In the discussion of Vernon's Product Life Cycle Theory, it was noted that new products tend to be developed, produced, and consumed in the developed countries first; then exported to the rest of the world; and finally produced in the developing countries. As the cost of production of these goods declines, countries with less sophisticated production processes begin to produce them for local consumption first and subsequently for exportation to the developed countries.

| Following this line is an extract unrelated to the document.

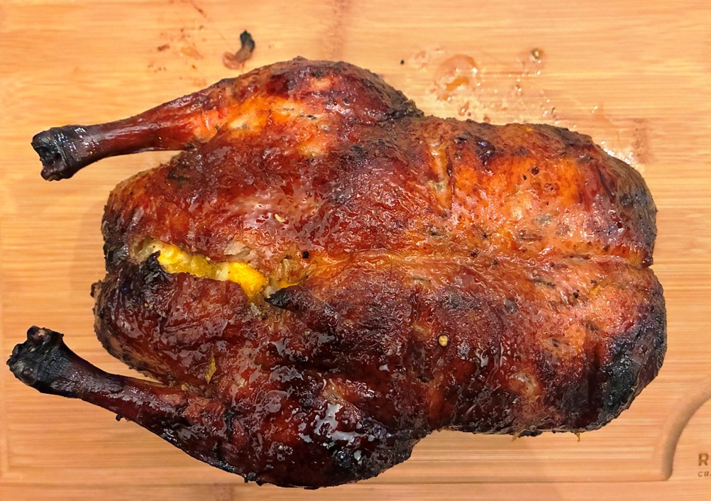 全鴨一隻,約 4.5 磅 兩個柳橙 1/2 cup 細砂糖 6 tbsp 白酒醋或 cider vinegar 1/2 cup Grand Marnier 或其他柳橙利口酒 鹽,胡椒 冷凍的全鴨在冰箱退冰一天左右,不用完全退冰。內臟清乾淨,放入大鍋或是盆中,燒開約兩公升的水,淋遍鴨子表面所有地方,浸泡約三十秒到一分鐘,水倒掉,把鴨子用烤架架起懸空,放在烤盤上。如果做中式調味,可先用約 2 tbsp 生抽加兩粒八角和肉桂用小鍋在一小時前燒開浸泡入味,再把醬油醬汁均勻塗抹在鴨皮表面。淋熱水的作用是讓鴨皮膨脹,烤後比較好看,應該也比較好吃。整隻鴨處理好之後放進冰箱24小時讓表皮乾燥。 烤前兩三小時把鴨從冰箱取出回復室溫,用叉子在鴨皮上刺出多個小洞,用鹽與胡椒抹在表面和內部,腹內可塞入對切開的柳橙與洋蔥各一個,把開口處縫合,鴨腿用棉線綁緊,尖端用鋁箔包住避免烤焦。 烤箱預熱 350°F,鴨放進烤盤,鴨胸面朝上,烤半小時。 烤的同時製作柳橙塗醬: 用削皮刀削下柳橙皮,儘量寬,然後兩三片疊起用刀切成細絲。削皮後的柳橙榨汁。 糖和醋放進厚的耐高溫小湯鍋,攪拌讓糖融化。爐子開大火,不要攪拌,直到糖醋汁變成深棕色。鍋子離火,小心慢慢鹽鍋邊倒進柳橙汁,搖晃使其混合,上爐開火煮沸,加進柳橙皮絲與橙酒,轉小火燒三分鐘。 半小時後取出鴨子翻面,再烤半小時。 一小時候兩面都已烤過,取出塗醬,兩面塗均勻,再翻面至鴨胸朝上,烤半小時後取出再塗醬翻面,再烤半小時。 總共以 350 度烤兩小時,取出靜置十五分鐘至半小時,切片上桌。
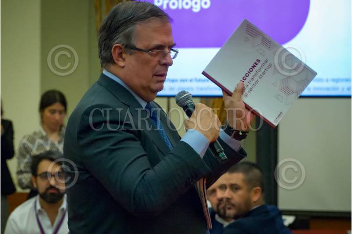 Marcelo Ebrard durante la Sesión Plenaria, ¿Cómo impulsar al sector startup en México? en la SRE.

The raw materials development and consumption process follows the same pattern in reverse fashion. Raw materials are extracted and sold by developing countries first. When the use of the materials reaches a level sufficient to offset the higher labor cost of local production, developed countries begin to produce the materials synthetically, eventually reaching the point where they cease to import the materials altogether. Thus, the high price of the raw materials, a result of extensive demand for them, triggers a substitution process aimed at replacing natural raw materials with synthetic ones.

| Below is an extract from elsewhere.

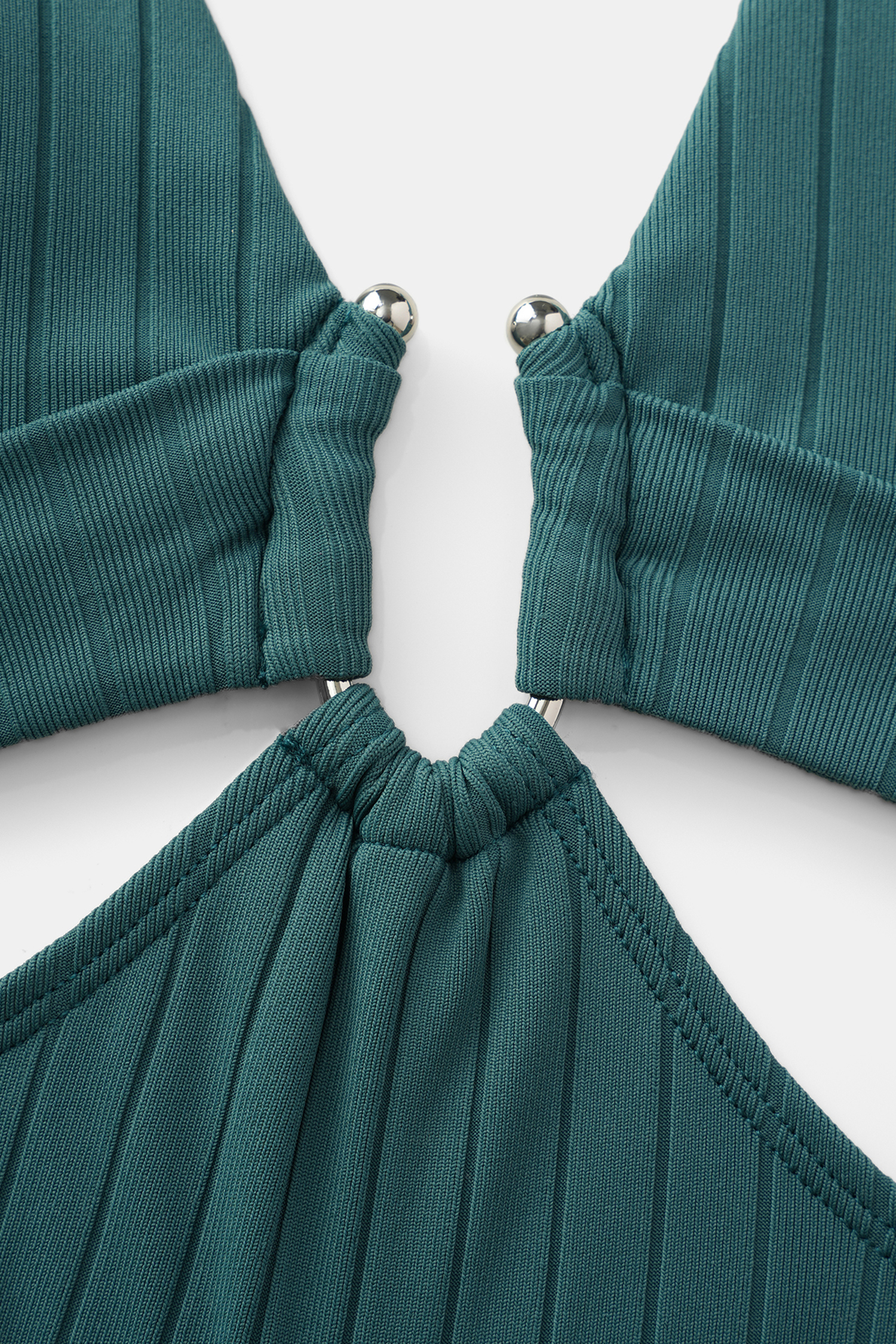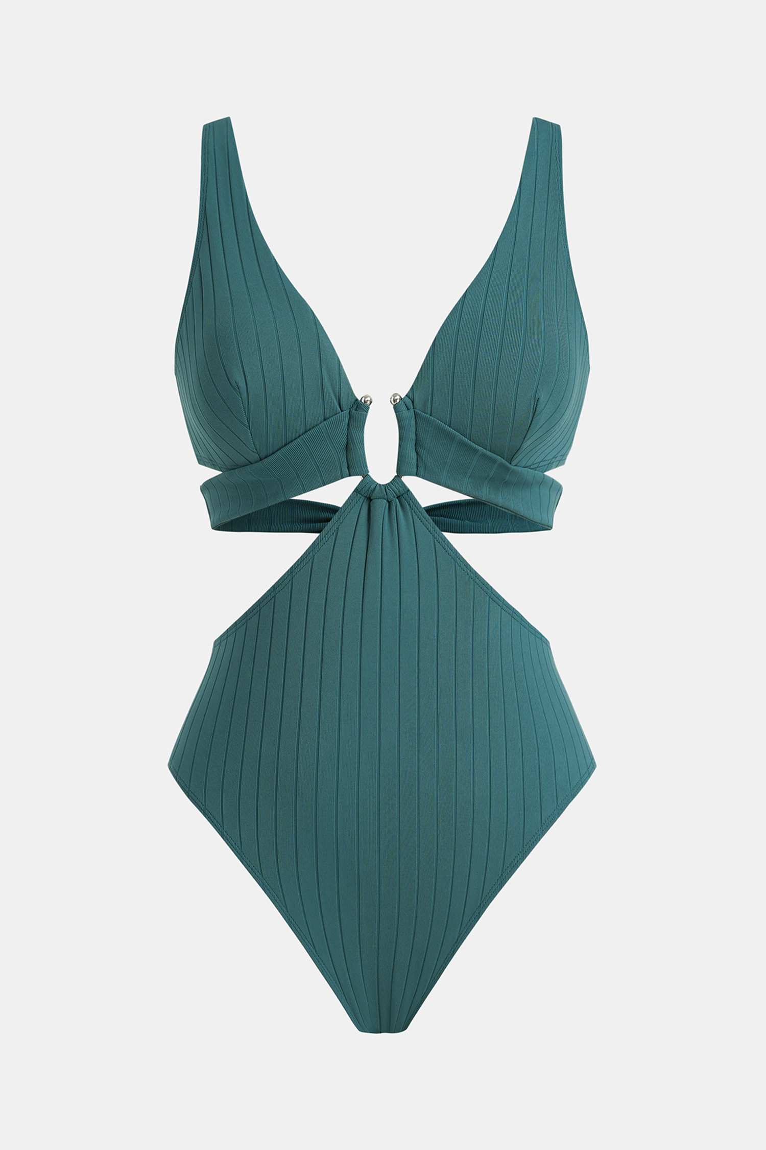 El bañador monokini Sultry Dive Green está diseñado para causar sensación. Su escote pronunciado, sus tirantes anchos y su detalle de aro en V le dan una silueta impactante, mientras que las copas suaves extraíbles y la sujeción media del busto garantizan comodidad. El corte alto de pierna y la moderna cobertura de glúteos le dan un toque contemporáneo, convirtiéndolo en un imprescindible para tu próxima aventura en la playa.

A perfect example of this process is the life cycle of rubber. The tremendous increase in demand for rubber that followed the invention of the automobile gave rise to the development of synthetic rubber. Today, over two-thirds of the rubber produced worldwide is synthetic, and many rubber plants are located in the industrialized countries, primarily the United States, Western European countries, and Japan. The same process of developing synthetic substitutes was followed in the areas of nylon yarns, industrial diamonds, paper, and other once indispensable natural raw materials.

In sum, the international trade in raw materials is not as stable as is the trade in consumer goods. Even though raw materials are much more indispensable to human survival than are goods (because without them there can be no production of consumer and capital goods), trade of raw materials is much more volatile than that of goods. The reason is that most of the raw materials are found in the developing world, and most of the users are in the developed countries. This situation has stimulated a number of attempts to stabilize both the production and the prices of raw materials via either bilateral or multilateral agreements or the development of cartels, which restrict the production and supply as well as determine the price of the materials. Examples of efforts of the first type are agreements concerning the exportation of coffee, sugar, rubber, and other primary products. The best-known example of the second type of effort was the 1973 oil embargo and price hike of the Organization of Petroleum Exporting Countries (OPEC).